El ciclo de vida del agave azul es muy largo (8-12 años) y se propaga por medio de "hijuelos", genéticamente iguales a la planta madre. Esta forma de multiplicación hace que las plantas actuales sean idénticas a las de nuestros antepasados, presentando una gran uniformidad genética que es buena porque permite preservar la calidad del tequila al provenir de plantas homogéneas pero, a la vez, es mala porque todas las plantas poseen la misma susceptibilidad a las plagas y enfermedades lo que implica que un patógeno puede infectar una plantación a gran velocidad.

CIENCIA
Los científicos mexicanos se han entregado a la tarea de buscar soluciones. Entre las líneas de investigación abordadas se encuentran:

  • En el Centro de Investigación y Diseño del estado de Jalisco (Ciatej), los especialistas están dedicados a obtener variedades genéticas de agaves que sean resistentes a bacterias como la Erwina carotovora.
  • La producción de levaduras que aceleran la fermentación del tequila En ese mismo centro se ha creado una levadura con la que el proceso de fermentación del tequila, en lugar de tardar 10 días, se reduce a 44 horas.
  • La secuenciación de los genes del tequila, en el Cinvestav Irapuato. La finalidad es incrementar la cantidad de azúcares de la planta para producir más tequila y de mejor calidad
  • La producción de agaves transgénicos de rápida maduración En colaboración con una de las principales empresas tequileras, los científicos guanajuatenses ya han creado un agave transgénico que madura más rápido y es resistente a enfermedades.
  • En el Centro de Investigación y Estudios Avanzados (Cinvestav) Irapuato se desarrollan modernas técnicas moleculares para diferenciar los tequilas elaborados con agave weber azul de las imitaciones
  • Uso de las matemáticas para elaborar muestreos estadísticos con lo que las empresas pueden conocer, hasta con 10 años de anticipación, cuántas toneladas de agave estarán disponibles y cuáles serán los probables riesgos de la producción.
  • De acuerdo con Eulogio Pimienta Barrios, investigador de la Universidad de Guadalajara, uno de los grandes retos que deberá afrontar el agave en los próximos años, será el del cambio climático. Acorde con los resultados previos conocidos de más de 10 años, el agave cultivado en zonas cálidas conserva menos cantidad de azúcares que los de zonas templadas, por lo que el calentamiento global podría originar una disminución de este producto y de la calidad del tequila.
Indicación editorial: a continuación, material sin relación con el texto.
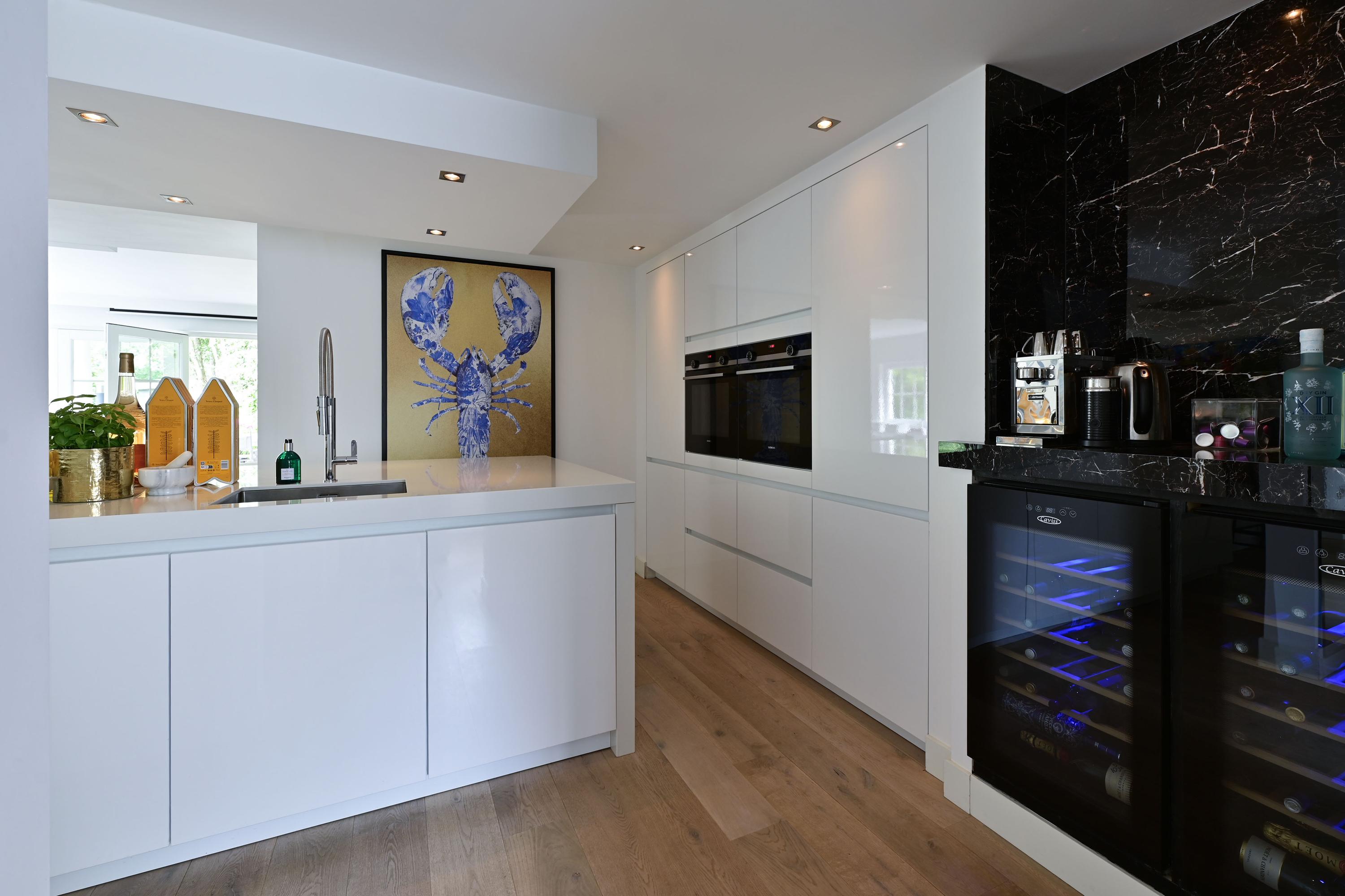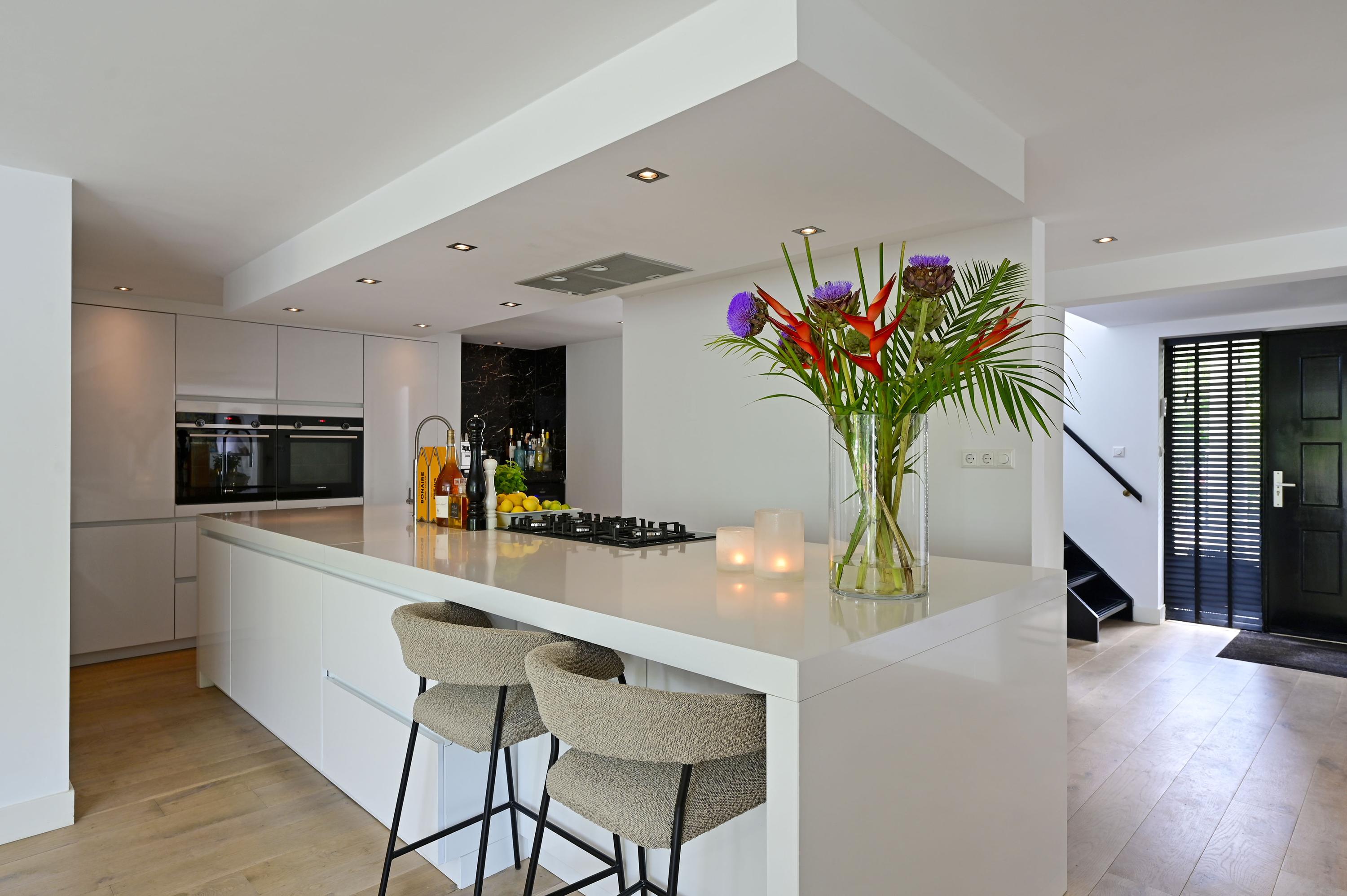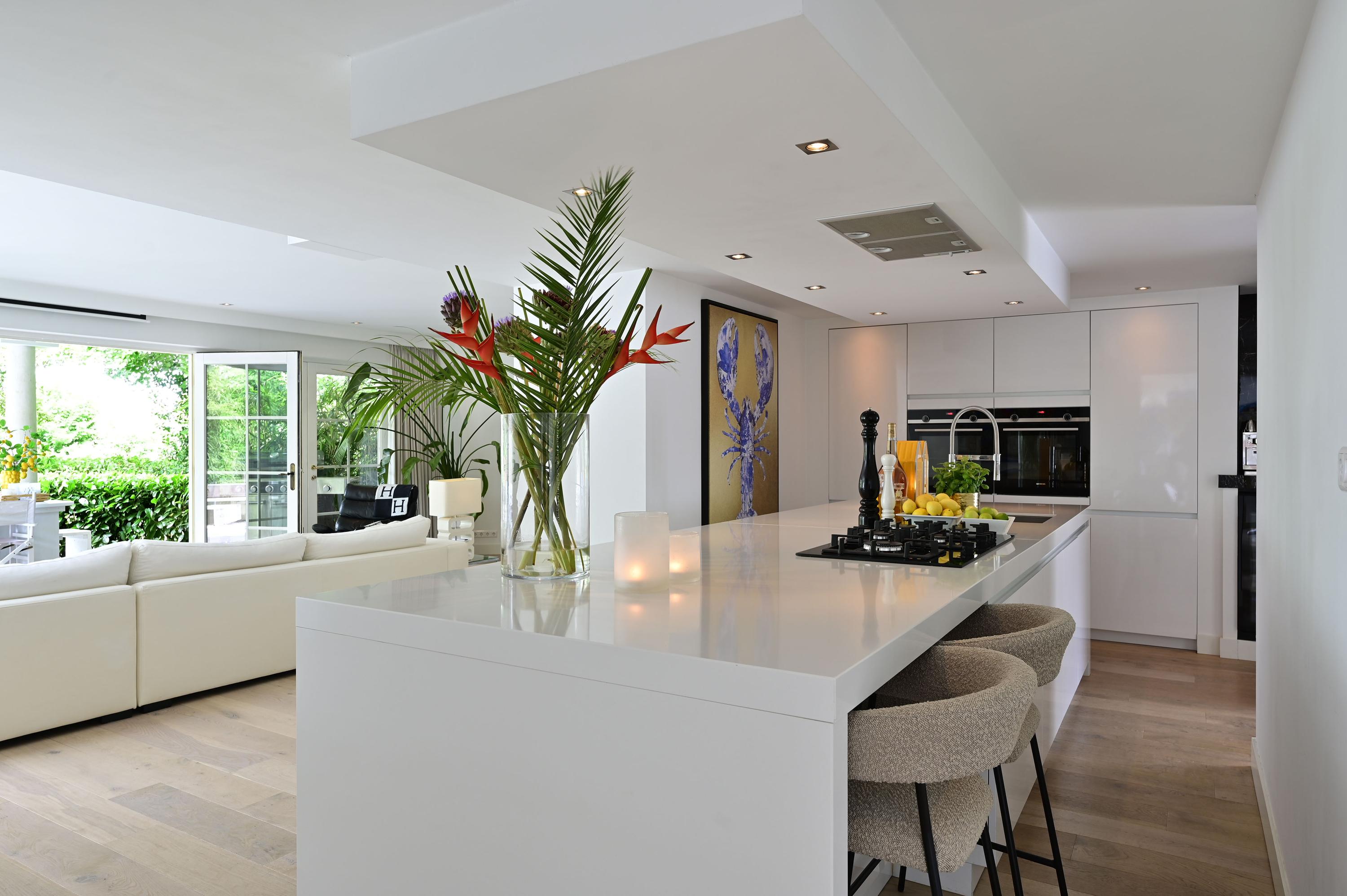 Inside, a spacious open-plan living area awaits, centered around a luxurious kitchen that flows effortlessly into a stylish lounge. This kitchen is a dream for any culinary enthusiast: a large cooking island with premium Siemens built-in appliances, two dishwashers, wine climate cabinets, and even a dedicated barista corner. Adjacent is a practical utility room with an American-style fridge, ice maker, and extra freezer.

Y, para finalizar, una noticia muy reciente y esperanzadora. Científicos mexicanos de la Universidad de Guadalajara acaban de anunciar que han encontrado en el agave azul un polisacárido, fructano, útil para elaborar microesferas que podrían servir para transportar de forma segura al colon, atravesando el estómago sin afectarse, sustancias activas de medicamentos utilizables para combatir padecimientos que afectan a este órgano, tales como el cáncer, úlcera y colitis.